▶ INFORMATION SUPPLIED
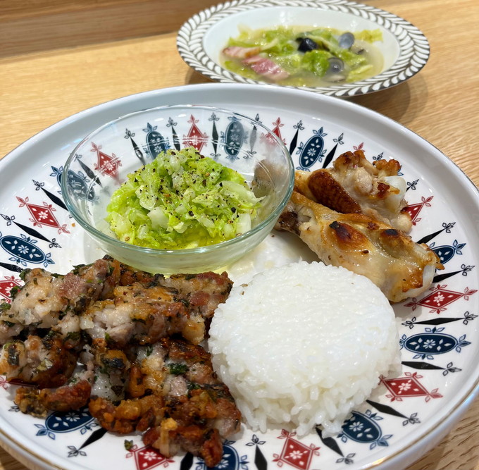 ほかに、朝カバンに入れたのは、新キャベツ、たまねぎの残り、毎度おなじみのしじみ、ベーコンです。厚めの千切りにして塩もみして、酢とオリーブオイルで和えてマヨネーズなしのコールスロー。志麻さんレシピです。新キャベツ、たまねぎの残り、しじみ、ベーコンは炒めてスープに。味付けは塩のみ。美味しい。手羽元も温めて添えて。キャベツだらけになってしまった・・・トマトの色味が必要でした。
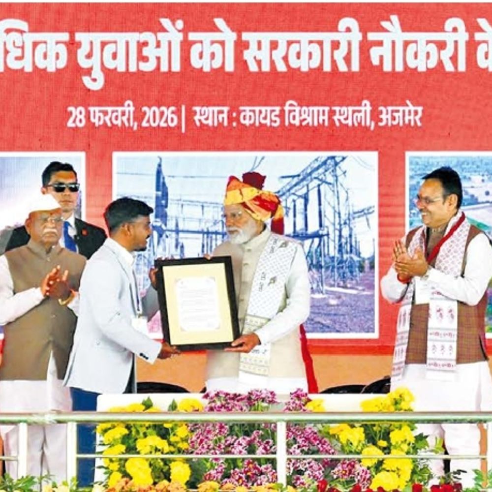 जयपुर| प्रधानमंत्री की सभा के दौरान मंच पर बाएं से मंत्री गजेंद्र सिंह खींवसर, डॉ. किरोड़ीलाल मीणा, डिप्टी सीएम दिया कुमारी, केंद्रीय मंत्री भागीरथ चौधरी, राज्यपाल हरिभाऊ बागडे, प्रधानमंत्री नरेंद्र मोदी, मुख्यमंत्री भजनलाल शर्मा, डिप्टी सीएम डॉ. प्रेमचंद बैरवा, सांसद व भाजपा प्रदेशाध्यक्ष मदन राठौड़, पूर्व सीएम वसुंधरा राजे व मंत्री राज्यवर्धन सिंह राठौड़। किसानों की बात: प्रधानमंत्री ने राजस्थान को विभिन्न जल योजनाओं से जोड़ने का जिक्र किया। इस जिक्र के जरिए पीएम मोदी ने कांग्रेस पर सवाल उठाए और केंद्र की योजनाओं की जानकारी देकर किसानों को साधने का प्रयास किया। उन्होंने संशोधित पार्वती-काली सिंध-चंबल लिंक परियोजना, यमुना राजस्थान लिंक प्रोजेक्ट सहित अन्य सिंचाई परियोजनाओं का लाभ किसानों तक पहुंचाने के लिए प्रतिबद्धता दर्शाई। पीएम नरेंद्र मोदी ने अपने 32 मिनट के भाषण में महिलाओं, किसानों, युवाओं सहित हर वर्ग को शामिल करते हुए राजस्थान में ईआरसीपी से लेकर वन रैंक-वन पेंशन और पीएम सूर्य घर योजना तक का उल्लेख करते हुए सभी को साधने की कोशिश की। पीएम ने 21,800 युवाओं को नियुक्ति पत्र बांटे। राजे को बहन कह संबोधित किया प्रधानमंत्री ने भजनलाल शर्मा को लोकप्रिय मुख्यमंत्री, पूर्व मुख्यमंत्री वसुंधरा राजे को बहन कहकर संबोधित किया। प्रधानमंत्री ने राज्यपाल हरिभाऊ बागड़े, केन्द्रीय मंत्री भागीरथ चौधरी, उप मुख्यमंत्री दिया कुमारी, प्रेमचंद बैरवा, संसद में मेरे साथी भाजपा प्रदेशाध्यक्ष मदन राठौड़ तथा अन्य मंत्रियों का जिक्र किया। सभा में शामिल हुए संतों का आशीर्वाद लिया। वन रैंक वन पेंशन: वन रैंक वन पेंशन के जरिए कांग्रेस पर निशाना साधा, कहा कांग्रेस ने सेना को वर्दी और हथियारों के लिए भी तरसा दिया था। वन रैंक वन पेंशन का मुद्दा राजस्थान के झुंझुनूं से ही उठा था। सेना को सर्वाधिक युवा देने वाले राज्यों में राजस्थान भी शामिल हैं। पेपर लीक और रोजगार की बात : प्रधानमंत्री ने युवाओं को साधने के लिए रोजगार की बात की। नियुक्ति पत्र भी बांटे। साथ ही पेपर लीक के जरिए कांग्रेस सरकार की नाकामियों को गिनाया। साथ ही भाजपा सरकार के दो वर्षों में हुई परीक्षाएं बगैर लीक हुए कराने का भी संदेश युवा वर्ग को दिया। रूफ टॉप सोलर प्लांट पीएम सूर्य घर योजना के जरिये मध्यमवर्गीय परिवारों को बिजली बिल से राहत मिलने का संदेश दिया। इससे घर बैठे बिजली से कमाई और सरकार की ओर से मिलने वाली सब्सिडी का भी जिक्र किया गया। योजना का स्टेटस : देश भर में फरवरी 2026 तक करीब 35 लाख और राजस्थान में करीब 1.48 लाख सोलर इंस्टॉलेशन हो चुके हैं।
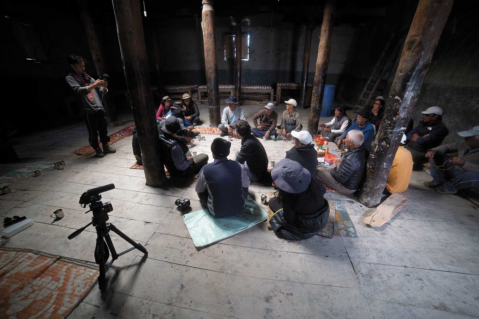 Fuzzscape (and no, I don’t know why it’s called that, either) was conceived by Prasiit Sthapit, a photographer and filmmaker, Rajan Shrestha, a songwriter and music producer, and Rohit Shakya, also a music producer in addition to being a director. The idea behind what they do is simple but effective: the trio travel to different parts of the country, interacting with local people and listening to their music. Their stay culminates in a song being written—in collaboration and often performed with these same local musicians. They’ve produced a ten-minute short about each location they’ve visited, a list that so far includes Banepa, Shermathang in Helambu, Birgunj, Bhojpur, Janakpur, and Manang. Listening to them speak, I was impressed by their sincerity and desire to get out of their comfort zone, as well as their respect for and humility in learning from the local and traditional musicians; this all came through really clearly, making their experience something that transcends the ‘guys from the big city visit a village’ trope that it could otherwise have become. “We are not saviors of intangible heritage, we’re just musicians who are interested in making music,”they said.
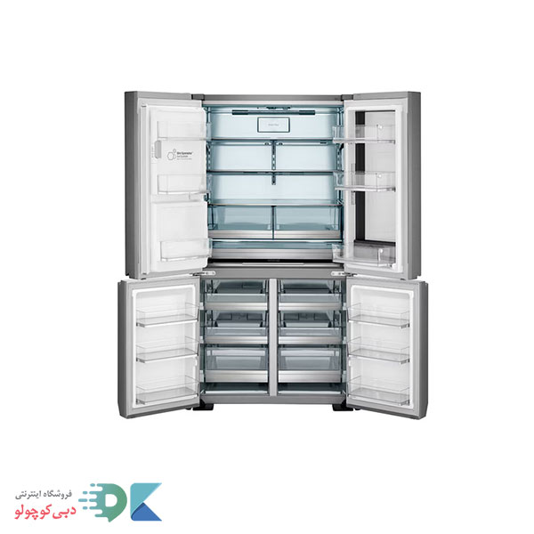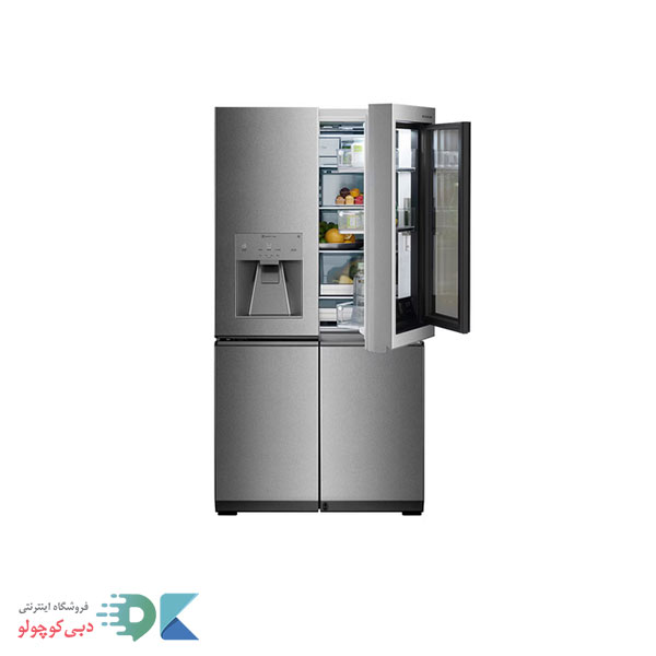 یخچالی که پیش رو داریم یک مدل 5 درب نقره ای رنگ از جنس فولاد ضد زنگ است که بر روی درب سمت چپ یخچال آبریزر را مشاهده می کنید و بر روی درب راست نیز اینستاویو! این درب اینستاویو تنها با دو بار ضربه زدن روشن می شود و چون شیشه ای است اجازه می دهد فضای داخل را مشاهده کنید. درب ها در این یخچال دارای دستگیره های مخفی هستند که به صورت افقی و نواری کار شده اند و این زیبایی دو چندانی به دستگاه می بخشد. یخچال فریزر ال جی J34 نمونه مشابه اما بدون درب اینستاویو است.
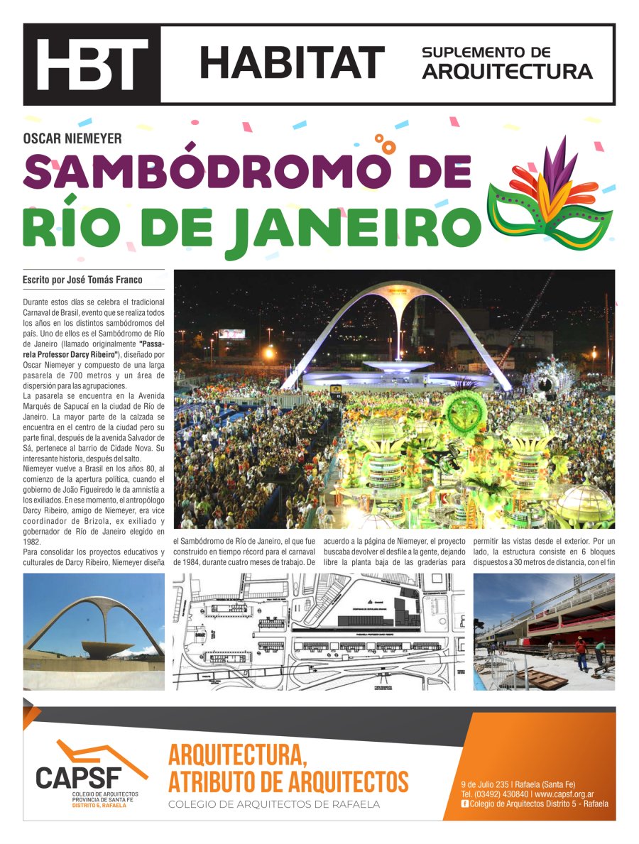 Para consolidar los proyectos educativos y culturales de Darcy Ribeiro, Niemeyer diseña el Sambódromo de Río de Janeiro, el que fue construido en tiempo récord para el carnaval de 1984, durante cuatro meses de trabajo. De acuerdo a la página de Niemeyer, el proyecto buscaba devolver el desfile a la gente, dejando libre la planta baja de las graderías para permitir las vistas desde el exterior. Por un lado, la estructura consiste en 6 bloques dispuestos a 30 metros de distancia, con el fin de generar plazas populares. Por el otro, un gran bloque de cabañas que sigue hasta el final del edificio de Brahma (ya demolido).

▶ INSTRUCTIONS TO FOLLOW
The answer must be the full listing above, copied exactly, with no pictures in it.

▶ THE COMPLETED TASK
 ほかに、朝カバンに入れたのは、新キャベツ、たまねぎの残り、毎度おなじみのしじみ、ベーコンです。厚めの千切りにして塩もみして、酢とオリーブオイルで和えてマヨネーズなしのコールスロー。志麻さんレシピです。新キャベツ、たまねぎの残り、しじみ、ベーコンは炒めてスープに。味付けは塩のみ。美味しい。手羽元も温めて添えて。キャベツだらけになってしまった・・・トマトの色味が必要でした。
 जयपुर| प्रधानमंत्री की सभा के दौरान मंच पर बाएं से मंत्री गजेंद्र सिंह खींवसर, डॉ. किरोड़ीलाल मीणा, डिप्टी सीएम दिया कुमारी, केंद्रीय मंत्री भागीरथ चौधरी, राज्यपाल हरिभाऊ बागडे, प्रधानमंत्री नरेंद्र मोदी, मुख्यमंत्री भजनलाल शर्मा, डिप्टी सीएम डॉ. प्रेमचंद बैरवा, सांसद व भाजपा प्रदेशाध्यक्ष मदन राठौड़, पूर्व सीएम वसुंधरा राजे व मंत्री राज्यवर्धन सिंह राठौड़। किसानों की बात: प्रधानमंत्री ने राजस्थान को विभिन्न जल योजनाओं से जोड़ने का जिक्र किया। इस जिक्र के जरिए पीएम मोदी ने कांग्रेस पर सवाल उठाए और केंद्र की योजनाओं की जानकारी देकर किसानों को साधने का प्रयास किया। उन्होंने संशोधित पार्वती-काली सिंध-चंबल लिंक परियोजना, यमुना राजस्थान लिंक प्रोजेक्ट सहित अन्य सिंचाई परियोजनाओं का लाभ किसानों तक पहुंचाने के लिए प्रतिबद्धता दर्शाई। पीएम नरेंद्र मोदी ने अपने 32 मिनट के भाषण में महिलाओं, किसानों, युवाओं सहित हर वर्ग को शामिल करते हुए राजस्थान में ईआरसीपी से लेकर वन रैंक-वन पेंशन और पीएम सूर्य घर योजना तक का उल्लेख करते हुए सभी को साधने की कोशिश की। पीएम ने 21,800 युवाओं को नियुक्ति पत्र बांटे। राजे को बहन कह संबोधित किया प्रधानमंत्री ने भजनलाल शर्मा को लोकप्रिय मुख्यमंत्री, पूर्व मुख्यमंत्री वसुंधरा राजे को बहन कहकर संबोधित किया। प्रधानमंत्री ने राज्यपाल हरिभाऊ बागड़े, केन्द्रीय मंत्री भागीरथ चौधरी, उप मुख्यमंत्री दिया कुमारी, प्रेमचंद बैरवा, संसद में मेरे साथी भाजपा प्रदेशाध्यक्ष मदन राठौड़ तथा अन्य मंत्रियों का जिक्र किया। सभा में शामिल हुए संतों का आशीर्वाद लिया। वन रैंक वन पेंशन: वन रैंक वन पेंशन के जरिए कांग्रेस पर निशाना साधा, कहा कांग्रेस ने सेना को वर्दी और हथियारों के लिए भी तरसा दिया था। वन रैंक वन पेंशन का मुद्दा राजस्थान के झुंझुनूं से ही उठा था। सेना को सर्वाधिक युवा देने वाले राज्यों में राजस्थान भी शामिल हैं। पेपर लीक और रोजगार की बात : प्रधानमंत्री ने युवाओं को साधने के लिए रोजगार की बात की। नियुक्ति पत्र भी बांटे। साथ ही पेपर लीक के जरिए कांग्रेस सरकार की नाकामियों को गिनाया। साथ ही भाजपा सरकार के दो वर्षों में हुई परीक्षाएं बगैर लीक हुए कराने का भी संदेश युवा वर्ग को दिया। रूफ टॉप सोलर प्लांट पीएम सूर्य घर योजना के जरिये मध्यमवर्गीय परिवारों को बिजली बिल से राहत मिलने का संदेश दिया। इससे घर बैठे बिजली से कमाई और सरकार की ओर से मिलने वाली सब्सिडी का भी जिक्र किया गया। योजना का स्टेटस : देश भर में फरवरी 2026 तक करीब 35 लाख और राजस्थान में करीब 1.48 लाख सोलर इंस्टॉलेशन हो चुके हैं।
 Fuzzscape (and no, I don’t know why it’s called that, either) was conceived by Prasiit Sthapit, a photographer and filmmaker, Rajan Shrestha, a songwriter and music producer, and Rohit Shakya, also a music producer in addition to being a director. The idea behind what they do is simple but effective: the trio travel to different parts of the country, interacting with local people and listening to their music. Their stay culminates in a song being written—in collaboration and often performed with these same local musicians. They’ve produced a ten-minute short about each location they’ve visited, a list that so far includes Banepa, Shermathang in Helambu, Birgunj, Bhojpur, Janakpur, and Manang. Listening to them speak, I was impressed by their sincerity and desire to get out of their comfort zone, as well as their respect for and humility in learning from the local and traditional musicians; this all came through really clearly, making their experience something that transcends the ‘guys from the big city visit a village’ trope that it could otherwise have become. “We are not saviors of intangible heritage, we’re just musicians who are interested in making music,”they said.
 یخچالی که پیش رو داریم یک مدل 5 درب نقره ای رنگ از جنس فولاد ضد زنگ است که بر روی درب سمت چپ یخچال آبریزر را مشاهده می کنید و بر روی درب راست نیز اینستاویو! این درب اینستاویو تنها با دو بار ضربه زدن روشن می شود و چون شیشه ای است اجازه می دهد فضای داخل را مشاهده کنید. درب ها در این یخچال دارای دستگیره های مخفی هستند که به صورت افقی و نواری کار شده اند و این زیبایی دو چندانی به دستگاه می بخشد. یخچال فریزر ال جی J34 نمونه مشابه اما بدون درب اینستاویو است.
 Para consolidar los proyectos educativos y culturales de Darcy Ribeiro, Niemeyer diseña el Sambódromo de Río de Janeiro, el que fue construido en tiempo récord para el carnaval de 1984, durante cuatro meses de trabajo. De acuerdo a la página de Niemeyer, el proyecto buscaba devolver el desfile a la gente, dejando libre la planta baja de las graderías para permitir las vistas desde el exterior. Por un lado, la estructura consiste en 6 bloques dispuestos a 30 metros de distancia, con el fin de generar plazas populares. Por el otro, un gran bloque de cabañas que sigue hasta el final del edificio de Brahma (ya demolido).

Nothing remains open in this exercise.